Shares of Michael Kors Holdings Limited (NYSE:CPRI) were getting tossed away last month after the fashion brand gave weak guidance in its first-quarter report and said it would close 100-125 stores.

A Michael Kors model looks into a refracted mirror.

Image source: Michael Kors

According to data from S&P Global Market Intelligence, the stock finished the month down 11.1%. As you can see from the chart below, those losses came mainly on the release of the company's earnings report on the last day of the month.

KORS Chart

KORS data by YCharts

So what 

Michael Kors shares fell 8% on May 31 after it released its earnings report.

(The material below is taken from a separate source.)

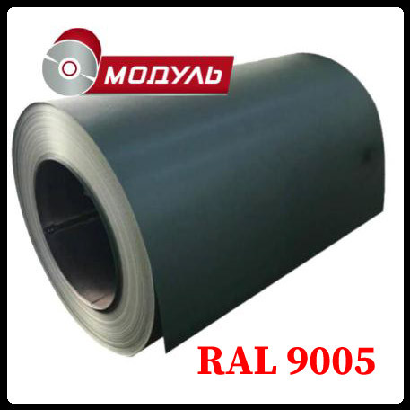 Рулони оцинковані 0,5 мм із глянсовим полімерним покриттям "Модуль Україна" RAL 9005 кількість
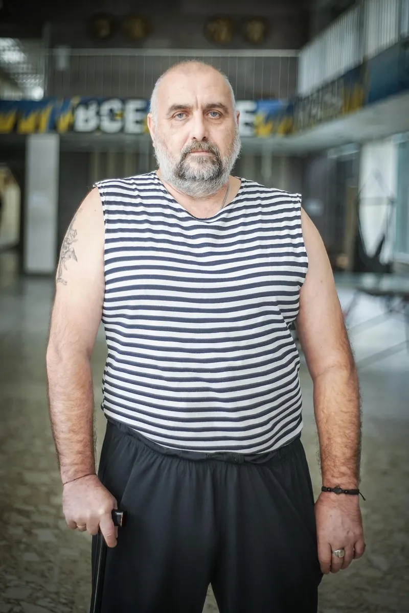 Олег Татаренко — почти карикатурный одессит, одетый в сине-белую морфлотовскую тельняшку. Ему слегка за пятьдесят, и как коренной одессит он предсказуемо получил позывной «Одесса». Правой рукой он опирается на деревянную трость. Для рукопожатия я неосознанно подаю неудобную руку и тут же, понимая свою глупость, опускаю. Он берет трость в другую руку, переносит вес и, шепча «ничего-ничего», протягивает ладонь в ответ. Одесса часто смотрит в глаза, но говорит со мной почти шепотом. Мне приходится наклоняться почти впритык, чтобы записать его слова на диктофон. Наше общение немного напоминает танец — после каждого вопроса он делает шаг в сторону, будто избегая контакта, и останавливается, только когда к нему подходят собаки.

The retailer of handbags, accessories, and apparel actually beat estimates in the quarter, but the stock was overwhelmed by weak guidance and the store closure news.

Revenue decreased 11.2% to $1.06 billion with a comparable sales decline of 14.1%, though that still edged past estimates at $1.05 billion. On the bottom line, adjusted earnings per share fell from $1.02 to $0.73, which also beat expectations at $0.70.

Like other fashion brands including Coach and Kate Spade, Michael Kors has been suffering from a combination of weak department store sales, an overstored retail environment, and potential brand fatigue.

CEO John Idol called fiscal 2017 a "challenging year," saying the "difficult retail environment" forced the company to be more promotional than it wanted to be. He also acknowledged problems with the product and store experience, and said the company would work to fix those problems in fiscal 2018, which he called a "transition year."

Now what

Management's guidance for the current year called for EPS of $3.57-$3.67, down from $4.48 last year, and for comparable sales to decline in the high-single digits, a sign that the recent troubles aren't going away anytime soon. Overall revenue is also expected to fall 6% to $4.25 billion.

The company also said it would close 100 to 125 stores over the next two years, evidence that it expanded too quickly, and it said those closures would result an annual savings of $60 million a year.

Like much of the apparel retail industry, Michael Kors profits continue to fall as mall traffic is on the decline. Management promised to turn the business around for long-term growth, but recent results have not been encouraging. While the stock looks cheap according to conventional metrics, it's too risky for my senses with sales and profits in free fall.